MySQL - Mass deleting bad?

I have a table in a MySQL database that holds information that is updated at least once a day, maybe as much as every 6 hours. The information being put in the table mostly stays the same, but there are instances where information that’s in the table is no longer valid and needs to be removed and there are instances where new information that doesn’t exist in the table needs to be added.

Currently I’m deleting all of the data in the table and then adding the information back into the table from the updated list. This way, information that needs to be removed is removed and new information is added. Information that was already in the table is also included in the updated list, so it is added back as well.

Is this a bad form? I’m not talking about a lot of data, but there are quite a few records, about 6000 to 9000 per update.

I guess my thinking is that deleting and re-adding is a bit wasteful, but I’m not sure if it’s any more inefficient than any other method.

Is it harmful to do a lot of deletes and a lot of inserts in this fashion?

[quote=“sparek, post:1, topic:113286, full:true”]Currently I’m deleting all of the data in the table…

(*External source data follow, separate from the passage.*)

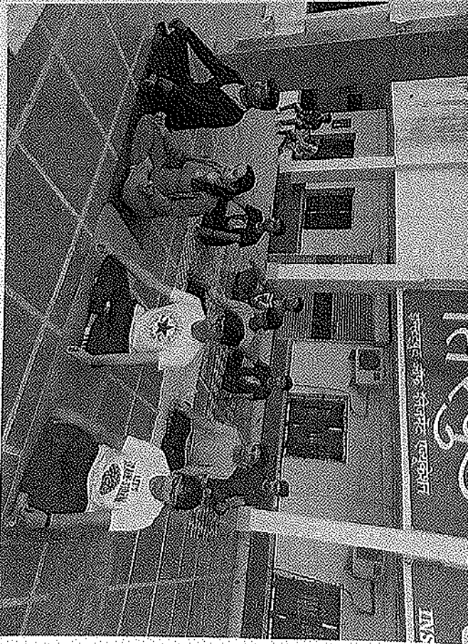
NSS Students performing Ndrin on the occasion of World Health Day, 2022.

OFFICIATING PRINCIPAL Shri Balasaheb Tirpude College of Hotel Management & Catering Technology, Nagpur
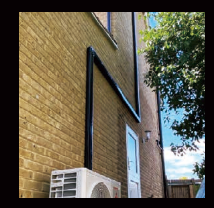
Temp Technical (UK)
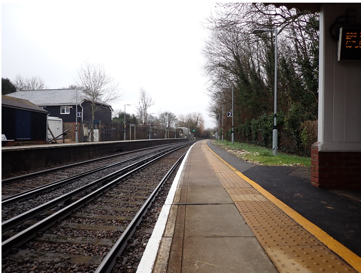
Figure 3: View from the approximate location of the incident, looking towards approaching trains
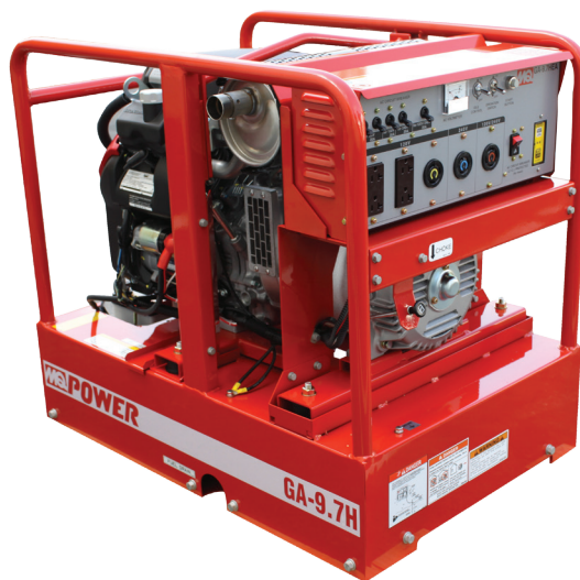
GA97HEA 9700 watts max. Honda engine, electric start Battery sold separately
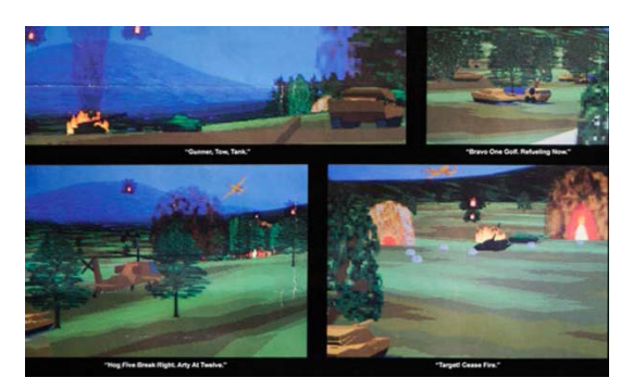
Fig. 1 Images showing early implementations of SIMNET.

at hand with less effort. As such, the goals of augmented reality have traditionally been task driven. One objective of the ultimate augmented reality system would be show the most relevant information at the most appropriate time and place. Another type of ultimate augmented reality system would add virtual content onto the real world or modify existing objects in a way that is indistinguishable to the user. As mentioned above, this basic idea was presented and demonstrated by Sutherland in the1960s. Somewhat later, Caudell and Mizell coined the term 'augmented reality' in 1992 for the HMD-based system they developed for wire bundle assembly at Boeing [12]. Released in 1999, the markerbased open source tracking library, ARToolKit, further facilitated the acceleration and dissemination of augmented reality [29]. In the late 2000s, augmented reality was made known to general public through the entertainment industry using games such as The Eye of Judgement in 2007, which is thought to be the first AR consumer game, and the Nintendo 3DS in 2011. To date, Pokemon Go alone has acquired more than 200 million players and earns more than $2M everyday worldwide. According to Digi-Capital, the augmented reality market as a whole is expected to grow to $90B by 2020.
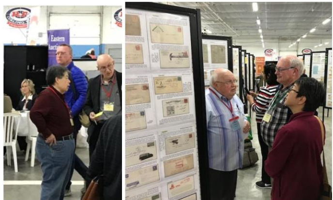
Judges & Exhibitors sharing views and scoring decisions about their respective exhibits

viewed as a storyline and as showcased by each exhibitor's narrations, relevant postal description and images, taking viewers on a captivating journey.
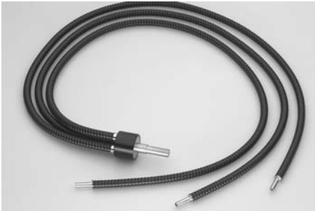
Flexible light guide 3 branch
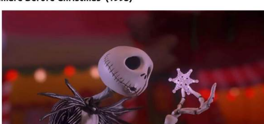
What's more Christmasy than the Pumpkin King learning to love Christmas for what it is?

This next film on our list is one of the most controversial Christmas movie debates. Tim Burton's stop-motion movie "The Nightmare Before Christmas" can work for both Halloween and Christmas. Jack Skellington ( Chris Sarandon ) is the Pumpkin King from Halloween town. He becomes tired of his everyday life, doing the same things and scaring the same people of the "real world." He discovers Christmastown, and a plot forms in his mind to kidnap Santa Claus and rule in his place. However, his plot doesn't work out as planned. Like so many others, Jack falls in love with Christmas.
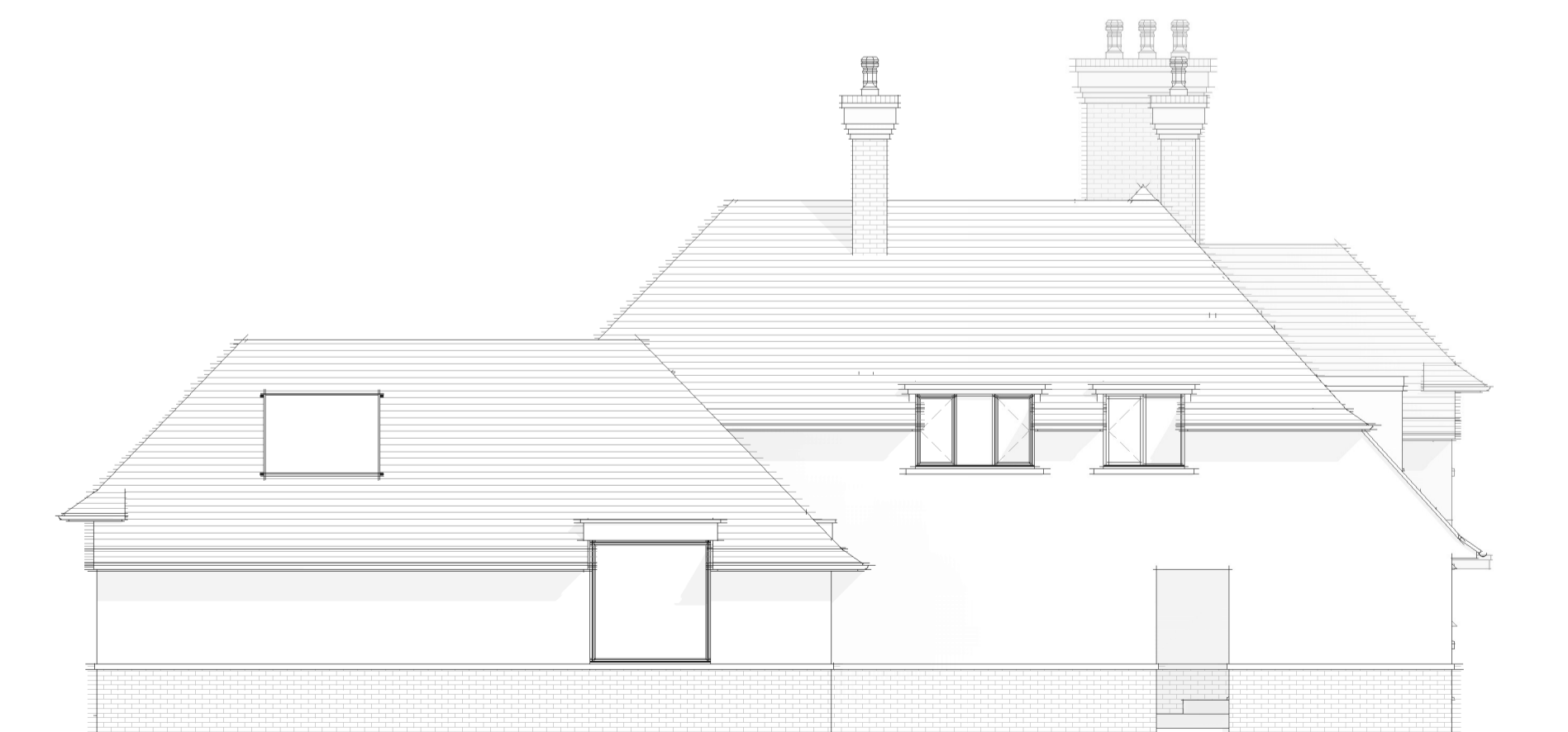
Existing South-East Elevation (Side) 1:100
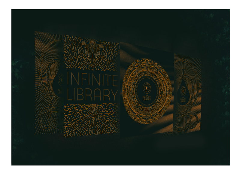
The-Infinite-Library A hint of the artistic programme of the 5th Little islands Festival. ] Exploratory Artistic Processes - In Search of Neiko
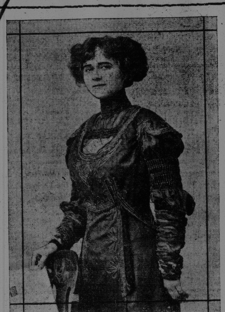
A "MAGPIE" GOWN FOR AFTERNOON WEAR.

Berlin, Germany.—Only millionaires can afford to patronize the "Gilded Palace," recently fitted up in the old Kaserhof. The furnishings are the most elaborate ever attempted in a public resort. The waiters wear knee breeches, red vests, blue velvet coats and white gloves. Dishes, costing $2.50 each, are served on solid plate. It takes more than powdered flaccidities and costly plate to make a reliable meal. Health and sound digestion are the best sauces. "Fruit-atives" is the wonderful little fruit liver tablets, correct indigestion, sour stomach and "heart burn," and positively cure dyspepsia, because "Fruit-atives" tone up and sweeten the stomach and regulate the bowels. No other remedy sold in Canada has benefited so many people in the same length of time as "Fruit-atives." See a box, 6 for $2.50, or trial box, 25c. "At" dealers, or sent postpaid on receipt of price by Fruit-atives Limited, Ottawa, Ont.
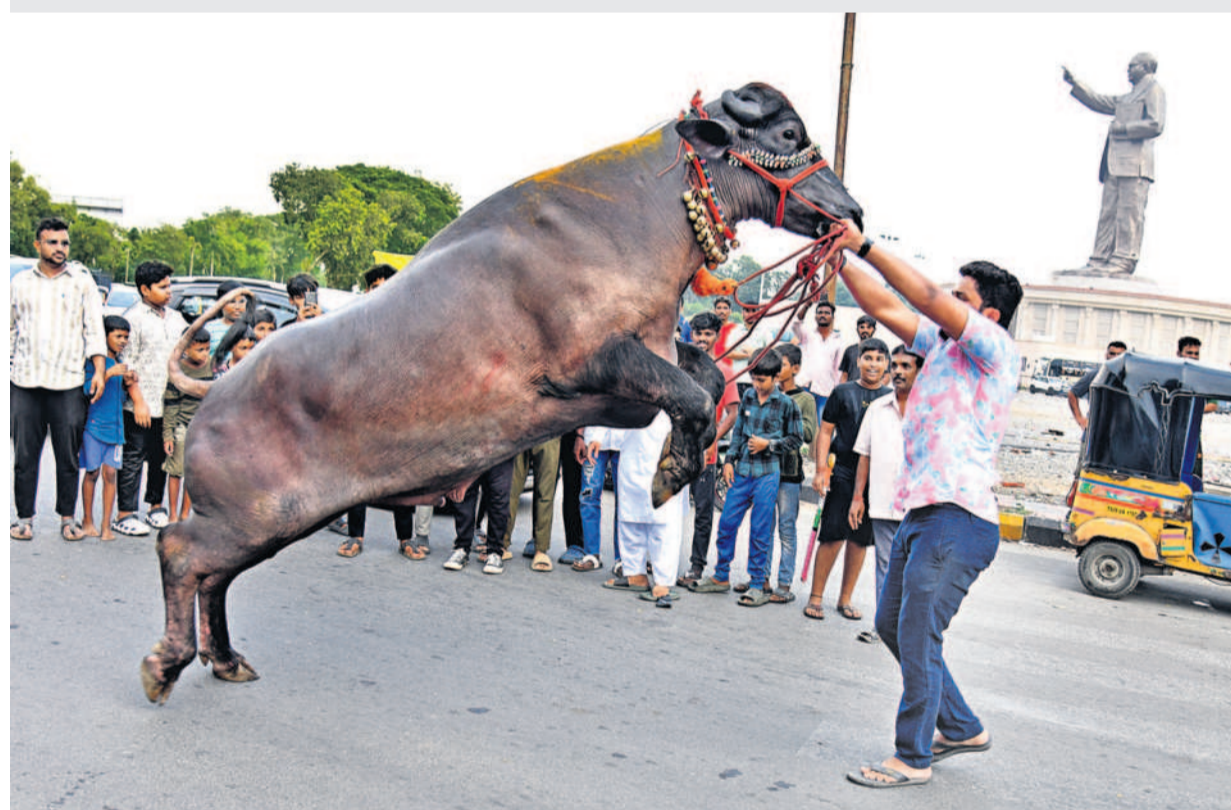
A man performs a stunt with a buffalo as part of Sadar festivities, near the Secretariat in Hyderabad on Friday.
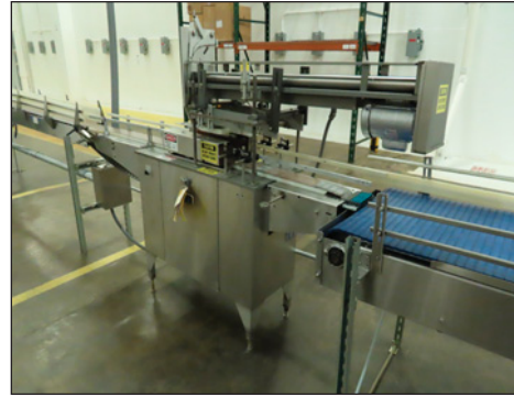
FORDS HOLMATIC OVER CAPPER MODEL PH-41SB
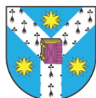
“Alexandru Ioan Cuza” University of Iasi
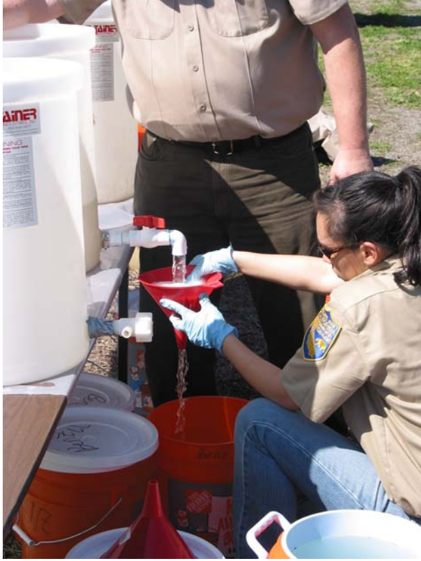
Figure 3. Filtering cleaning solution after removing wading gear.
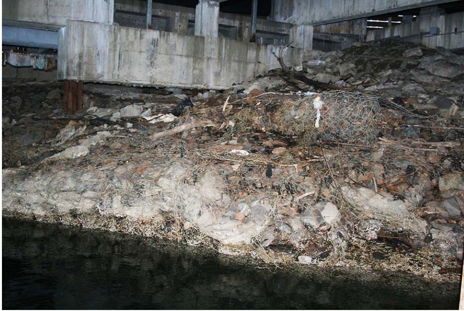
D Line, Piles 9 & 10 from Southwest (Note Gabions)
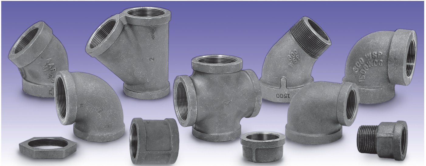
Malleable Iron Threaded Pipe Unions Pressure - Temperature Ratings
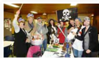
Winners of the Best Dressed Table Award celebrate
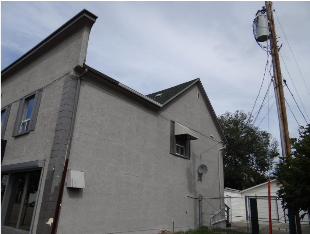
Filename DSC00908.jpg View SE Corner Date July 24, 2012
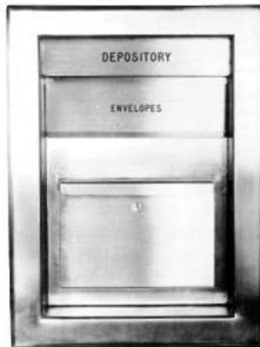
Model: Hamilton Safe – 67R Replace with: 98RH Kit: N/A Instructions: N/A
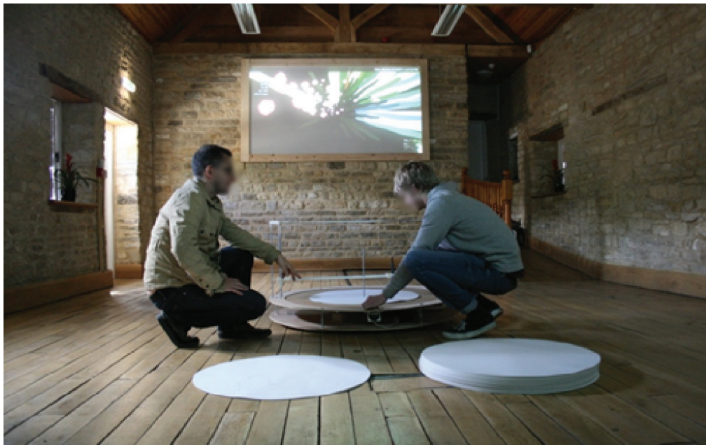
Figure 1. A Conversation Between Trees: one of the large screen displays (on wall) and the climate machine (on floor) (used with permission © Active Ingredient 2013)

Thirdly, visitors to the art installation could choose to go on a walk in one of the forests used in the UK venues, taking with them a mobile phoned loaned by the project, which takes photographs of the trees every 10 seconds. The intention was for the visitor to act as an additional ‘sensor’ and the photos collected by them were subsequently combined with data from the local tree and transformed into visualizations on the phone, employing the same approach used to combine and visualize data on the large screen displays back in the gallery space. In addition, visitors could listen to a narrative created by the artists to provide their perspectives on a walk through the forest. Visitors were also asked to estimate and upload environmental levels of sound, humidity, air quality and light on a scale from 1-10 and to also provide three words to describe their feelings at the time, which were all uploaded to the main server.

Is it harmful to do a lot of deletes and a lot of inserts in this fashion?
[/quote]harmful? never

however, if you are using DELETE to delete all the rows in the table, it will be a lot faster if you use TRUNCATE TABLE

Thanks

I guess I misspoke, I’m not really deleting all of the data in the table, but MOST of it. A certain subset of it changes once per blue moon. That subset is not deleted en masse. But as long as deleting and readding data isn’t harmful, I’ll keep doing that.

Deleting frequently can cause a lot of performance issues. MyISAM will lock the entire table and InnoDB will dedicate more resources to it and slow down the entire server, it also has to check for FK constraints even if there isn’t any (I think).

I’m not a DB guy, so that’s about the limit of my knowledge about this. :smile:

Select = Easy
Insert = Moderate
Update/Delete = Hard

Well, I’m not sure what qualifies as “frequent”. I need to do it once per day (overnight) and I might consider doing it every 6 hours, which would be 4 times a day. I don’t think that qualifies as “frequent” but maybe I’m wrong. And it’s not just a handful of records, it’s probably about 8000, which I don’t know if that qualifies as a lot or not either.

In file system structures you don’t want to delete and reuse over and over again. I wasn’t sure if the same philosophy applied to MySQL structures as well.

Perhaps I’m being dense here, but why are you deleting, then adding the data back in. Why not just UPDATE the rows instead? It’s a lot less overhead, and a much smaller chance of your tables getting FUBARed.

Seems to me UPDATE should help reduce the work involved re-indexing the table.

Updating doesn’t remove the records that are no longer applicable.

If the table has the data:

1 | resource | cold
2 | resource | warm
3 | resource | chill

And when I get updated information to put into the table, and it turns out that #2 is removed, how am I suppose to know to remove #2? The updated information contains:

1 | resource | cold
3 | resource | chill
4 | resource | new

I need to put that information exactly into the table. The simpliest way is to remove everything and then add in the above information. That way #2 is removed and #4 is added.

How else could this be accomplished? The only other way I can think of, would be to add a removal flag field

1 | resource | cold | 0
2 | resource | warm | 0
3 | resource | chill | 0

run an update to set the removal flag:

1 | resource | cold | 1
2 | resource | warm | 1
3 | resource | chill | 1

INSERT or UPDATE all new information, setting the removal flag to 0 on affected row:

1 | resource | cold | 0
2 | resource | warm | 1
3 | resource | chill | 0
4 | resource | new | 0

then deleting records that have the removal flag set

1 | resource | cold | 0
3 | resource | chill | 0
4 | resource | new | 0

I’m not sure if that’s any better than deleting and readding. This seems to consist of more computational overhead, but it may be better. I’m no expert on this.

Maybe a DELETE for only those that need to be deleted and an
INSERT IGNORE ?

That would do away with deleting rows only to insert them again.

Maybe I’m the odd one here but I think it’s ok. For example, say you got 6000 records and need to delete 5900 under a single transaction. If that’s the case then I think it’s ok.

What I would do is add 1 more column ‘Archived’ w/ boolean value. Any record you want to delete, you would update that column value to be ‘true’. Then you would execute daily/weekly db clean up that deletes all records that have Archived=true. Sometimes you may not want to delete…incase you’ve done it accidentally. This approach will also give some reliability to rollback the data.

1 Like

You’re right. It really depends on the needs.

I would do updating and insert but then… 9000 records is nothing. The time to do the changes is important so the database doesn’t interrupt any important job. But apart from that…

In this particular case, and with such a low number of records, it doesn’t matter that much.

This topic was automatically closed 91 days after the last reply. New replies are no longer allowed.